- Born: Adjuntas, Puerto Rico
- Education: University of Puerto Rico at Mayagüez
- Occupations: Engineer, conservationist, political activist
- Known for: Preservation efforts of Bosque del Pueblo Recipient of the Goldman Environmental Prize
- Spouse: Tinti Deyá Díaz
- Children: Ariel Massol Deyá, Arturo Massol Deyá.

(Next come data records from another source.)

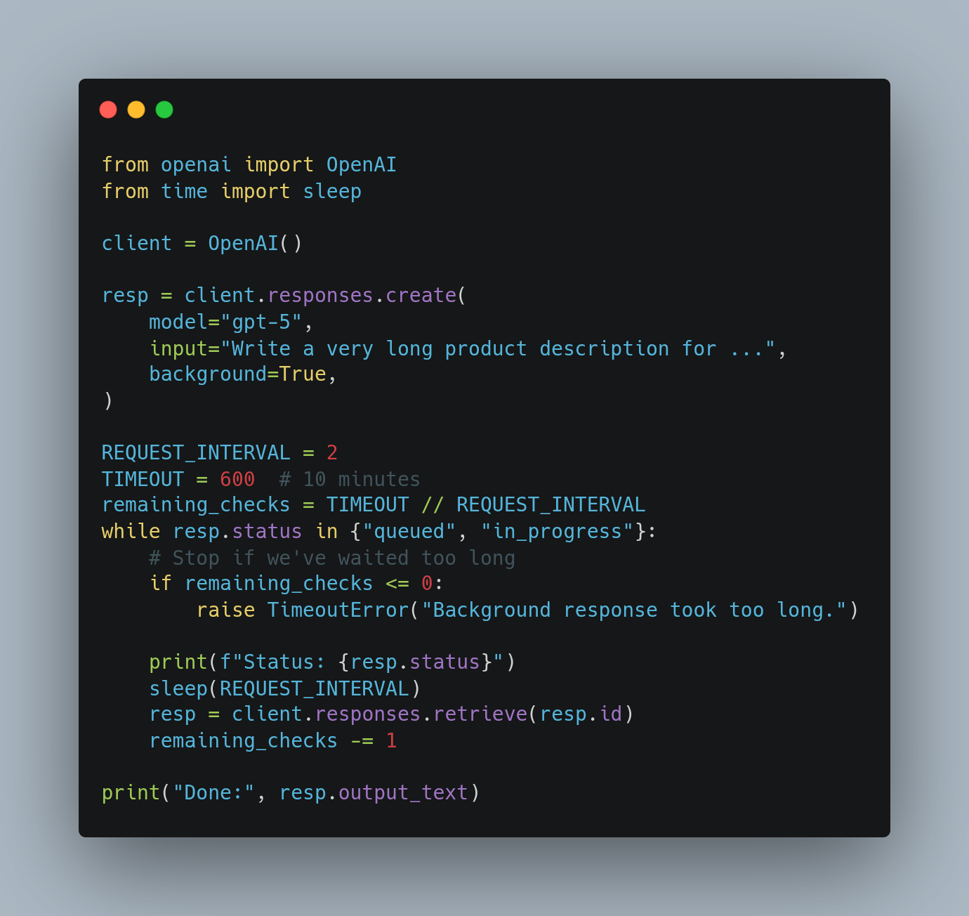 موضوع این بود که یک رکوئست سنگین به مدل GPT-5 میزدم و گرفتن پاسخ حدود 4 تا 5 دقیقه طول میکشید و همین باعث میشد خیلی اوقات با خطای Time-out شبکه مواجه بشم.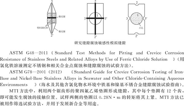 評價材料抗縫隙腐蝕性能的標準方法主要有浸泡試驗和電化學試驗。對于浸泡試驗法,設計形式多樣的人造縫隙,采用多種腐蝕介質,一般以腐蝕質量或腐蝕深度評定試驗結果;電化學測試方法是以某些電化學參數作為判據,來比較金屬材料對縫隙腐蝕的相對敏感性,一般來說,電化學測試方式可縮短縫隙腐蝕的誘導期而達到加速腐蝕試驗的目的。浸泡試驗法包括三氯化鐵實驗、縫隙腐蝕的加速試驗方法、多縫隙腐蝕試驗、 MTI 試驗、 CCT 法等;電化學測試方法包括 ASTM 標準試驗方法、恒電位試驗、動電位極化試驗法、遠距離縫隙裝置試驗等。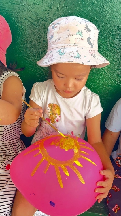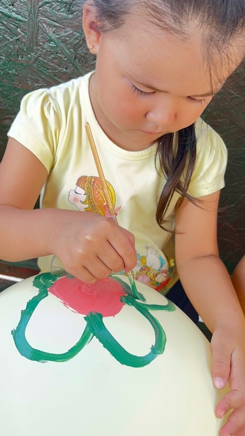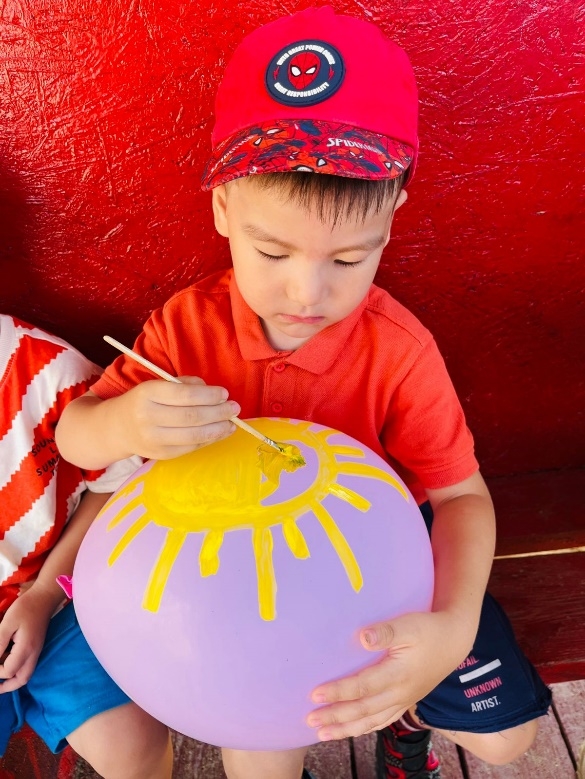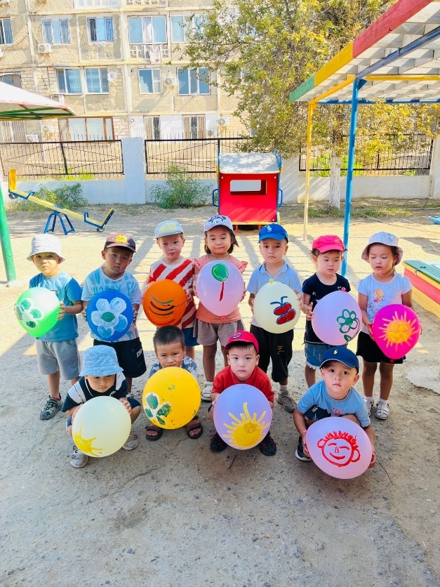 01.08.2024 жылы «Алақай, жайдарлы жаз келді» жазғы сауықтыру жоспарының «Менің достарым» апталығы бойынша «Түрлі-түсті кемпірқосақ күні» айдарына сәйкес, «Ең көңілді шарлар» шарларға сурет салу.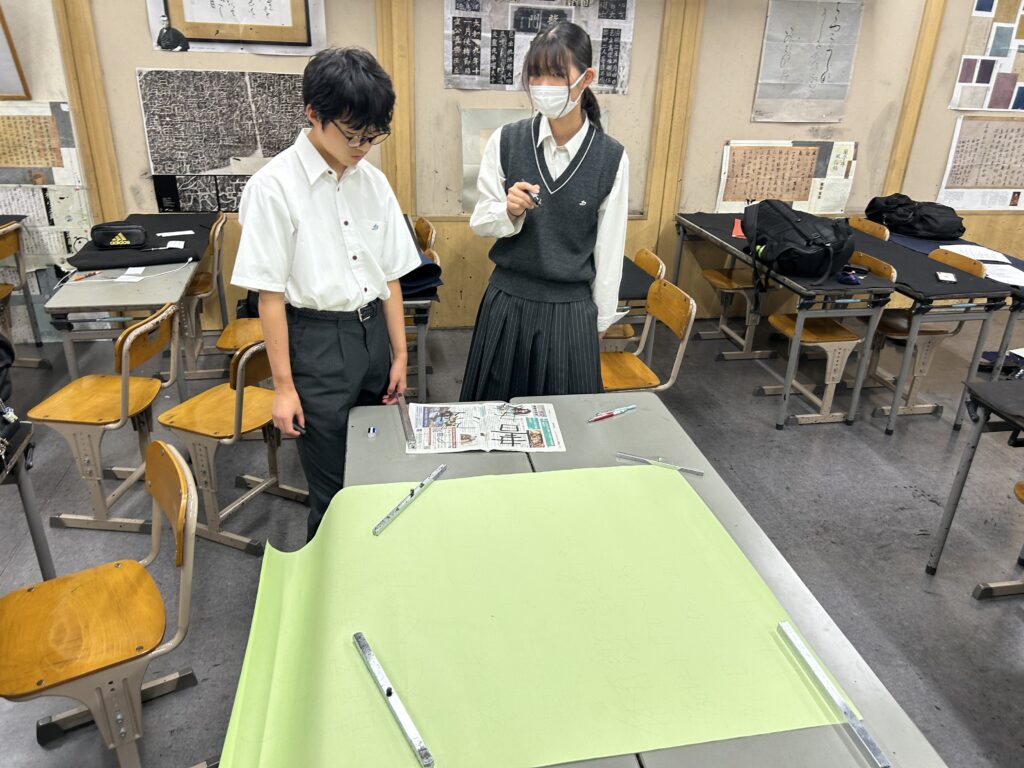 こちらは、学内ポスターの制作現場です。中学生も高校生も一緒に活動しながら作業をしたり親睦を深めていけるのが、中高一貫の部活のメリットですね!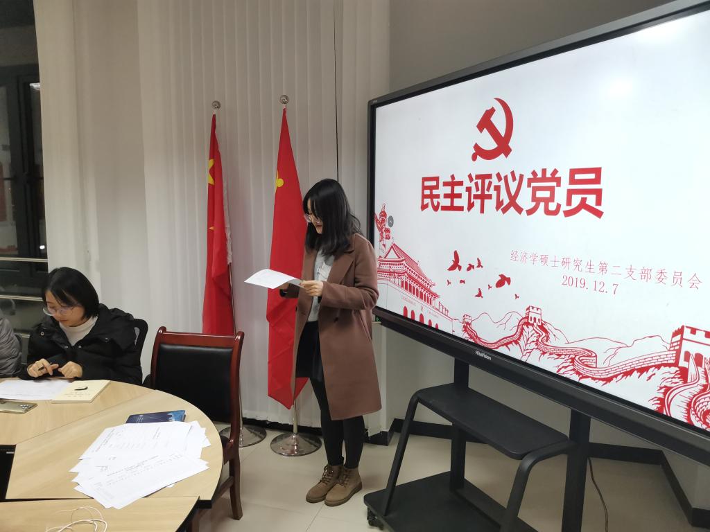 2019年12月7日下午19时,bat365在线平台经济学硕士研究生第二支部委员会在第三实验楼725党员实境课堂开展组织生活会及民主评议党员。本次会议由党支部书记余澜主持,本支部所有正式党员、预备党员出席本次会议。
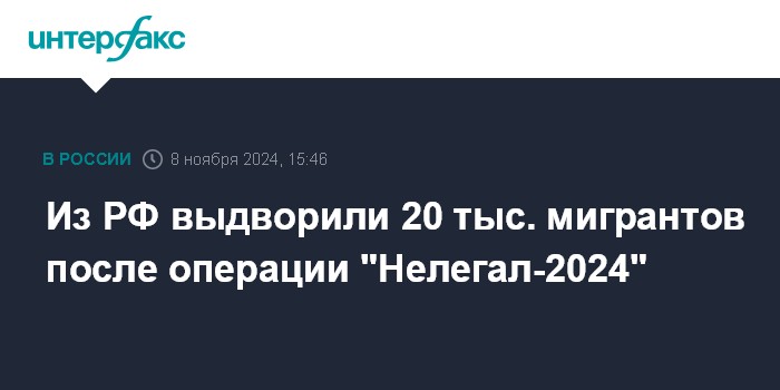 Москва. 8 ноября. INTERFAX.RU - В результате проведенной полицейскими операции "Нелегал-2024" из России выдворены и депортированы 20 тысяч иностранных граждан, сообщила официальный представитель МВД РФ Ирина Волк.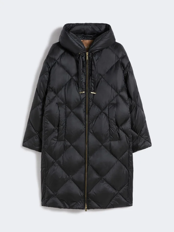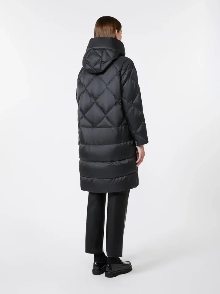 straight midi down jacket featuring an all-over quilted diamond pattern with horizontal stripe detail at the back hem.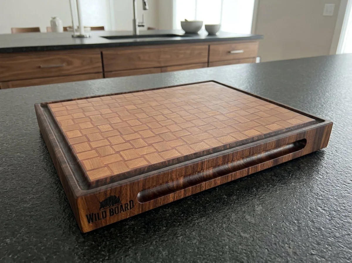 The surface features a basket weave pattern built from maple and cherry. Each section is a slice of maple set between two strips of cherry, rotated 90 degrees every other row, running consistently across the full cutting surface. A solid 1 inch walnut border frames the entire board, and the Wild Board logo is laser engraved directly into the walnut on the side.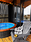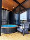 Дровяная купель фурако на веранде вашего домика создаст незабываемые впечатления. Купель оснащена подсветкой и аэромассажем.

= Alexis Massol González =

Puerto Rican environmentalist

Alexis Massol González is a civil engineer and environmentalist from Puerto Rico. He graduated in civil engineering in University of Puerto Rico at Mayagüez in 1965 and was awarded the Goldman Environmental Prize in 2002 for his efforts on the protection of Puerto Rico's mountain forests due to threats from mining interests. In 1980 he and his wife Tinti Deyá Díaz established Casa Pueblo, a non-profit environmental watchdog community-based organization in Adjuntas. One of the organization's achievements was protecting the forest surrounding their town by establishing Bosque del Pueblo in 1996. It was the first community-managed forest in Puerto Rico. A book he authored, Casa Pueblo: A Puerto Rican Model of Self-Governance, published in 2022, "offers a chronological account of Casa Pueblo’s evolution from a small group of concerned citizens to an internationally recognized model for activism."